▸ **WORK TO BE COMPLETED**
Line by line, copy the records below exactly and leave the pictures out.

▸ **LISTED RECORDS**
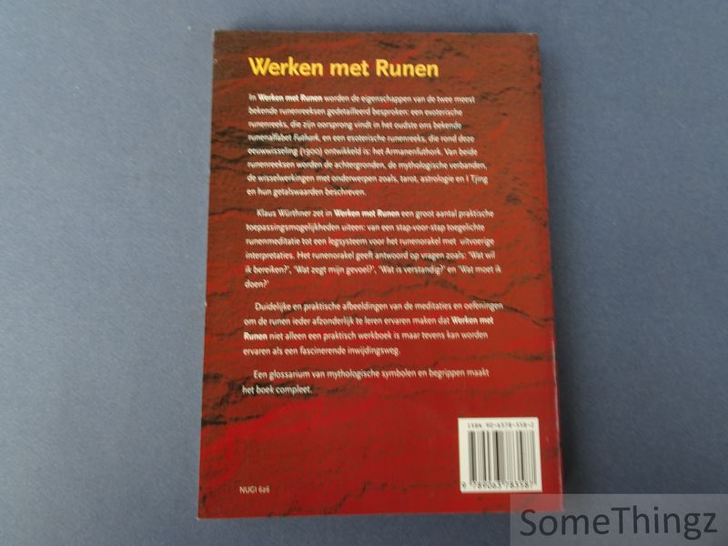 In werken met runen worden de eigenschappen van de twee meest bekende runenreeks gedetailleerd besproken: een exoterische runenreeks, die zijn oorsprong vindt in het oudste ons bekende runenalfabet Futhark, en een esotische runenreeks, die rond deze eeuwenwisseling (1900) ontwikkeld is: de mythologische verbanden, de wisselwerkingen met onderwerpen zoals, tarot, astrologie en I Tjing en hun getalswaarden beschreven. Klaus Wurthner zet in werken mer runen een groot aantal praktische toepassingsmogelijkheden uiteen: van een stap voor stap toegelicht runenmeditatie tot een legsysteem voor het runenorakel met uitvoerige interpretaties. Het runenorakel geeft antwoord op vragen zoals: wat wil ik bereiken? Watzegt mijn gevoel? Wat is verstandig? En wat moet ik doen. Duidelijke en praktische afbeeldingen van de meditaties en oefeningen om de runen ieder afzonderlijk te leren ervaren maken dat werken met runen niet alleen een praktisch werkboek is maar tevens kan worden ervaren als een fascinerende inwijdingsweg.
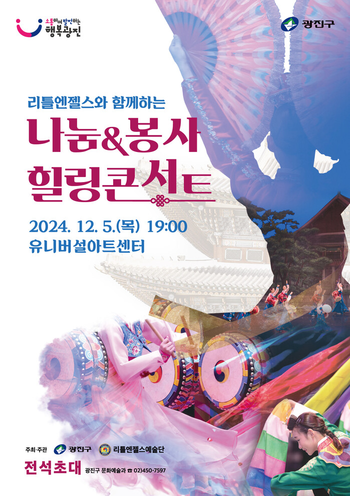 [시민일보 = 여영준 기자] 광진구(구청장 김경호)가 오는 12월5일 유니버설아트센트(천호대로664)에서 ‘나눔과 봉사, 힐링 콘서트’를 개최한다.
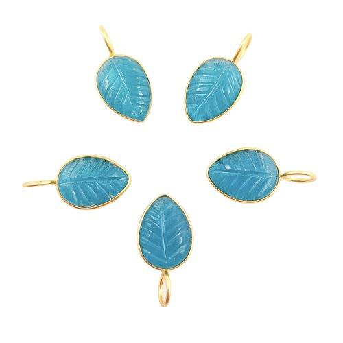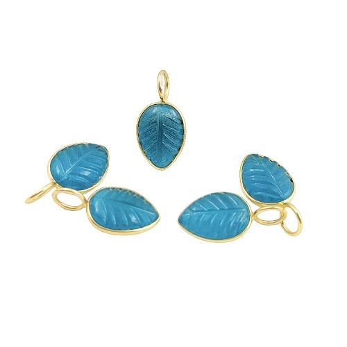 Apatite Quartz Feuille Forme Pendentif Sculpté À La Main Pierre Naturelle 925 Argent Sterling Plaqué Or 10x14mm Tiers Certifié
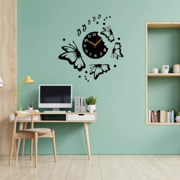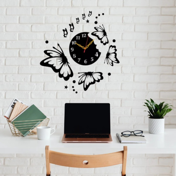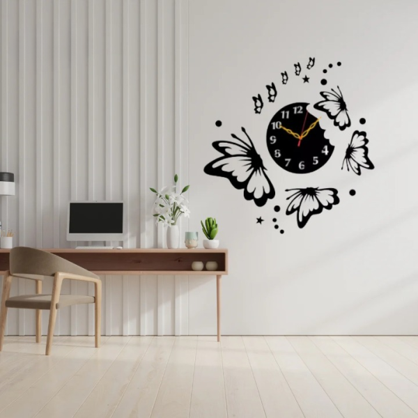3d Stars & Butterflies Wooden Wall Cock For Home Decor
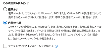 その場合、そのドメインを「承認済ドメイン」として登録し、さらに「内部の中継」を設定する必要があります。
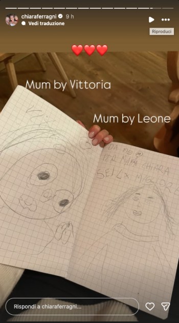 Al momento Chiara è in montagna con le sue sorelle e i bambini. Ha deciso di pubblicare un disegno fatto per lei. Quello di Leone è sicuramente più equilibrato, ma ugualmente dolce – ha scritto anche “sei la migliore” – mentre quello della piccola Vitta è decisamente più caotico, ma non meno divertente.

▸ **ANSWER TO THIS EXERCISE**
 In werken met runen worden de eigenschappen van de twee meest bekende runenreeks gedetailleerd besproken: een exoterische runenreeks, die zijn oorsprong vindt in het oudste ons bekende runenalfabet Futhark, en een esotische runenreeks, die rond deze eeuwenwisseling (1900) ontwikkeld is: de mythologische verbanden, de wisselwerkingen met onderwerpen zoals, tarot, astrologie en I Tjing en hun getalswaarden beschreven. Klaus Wurthner zet in werken mer runen een groot aantal praktische toepassingsmogelijkheden uiteen: van een stap voor stap toegelicht runenmeditatie tot een legsysteem voor het runenorakel met uitvoerige interpretaties. Het runenorakel geeft antwoord op vragen zoals: wat wil ik bereiken? Watzegt mijn gevoel? Wat is verstandig? En wat moet ik doen. Duidelijke en praktische afbeeldingen van de meditaties en oefeningen om de runen ieder afzonderlijk te leren ervaren maken dat werken met runen niet alleen een praktisch werkboek is maar tevens kan worden ervaren als een fascinerende inwijdingsweg.
 [시민일보 = 여영준 기자] 광진구(구청장 김경호)가 오는 12월5일 유니버설아트센트(천호대로664)에서 ‘나눔과 봉사, 힐링 콘서트’를 개최한다.
 Apatite Quartz Feuille Forme Pendentif Sculpté À La Main Pierre Naturelle 925 Argent Sterling Plaqué Or 10x14mm Tiers Certifié
3d Stars & Butterflies Wooden Wall Cock For Home Decor
 その場合、そのドメインを「承認済ドメイン」として登録し、さらに「内部の中継」を設定する必要があります。
 Al momento Chiara è in montagna con le sue sorelle e i bambini. Ha deciso di pubblicare un disegno fatto per lei. Quello di Leone è sicuramente più equilibrato, ma ugualmente dolce – ha scritto anche “sei la migliore” – mentre quello della piccola Vitta è decisamente più caotico, ma non meno divertente.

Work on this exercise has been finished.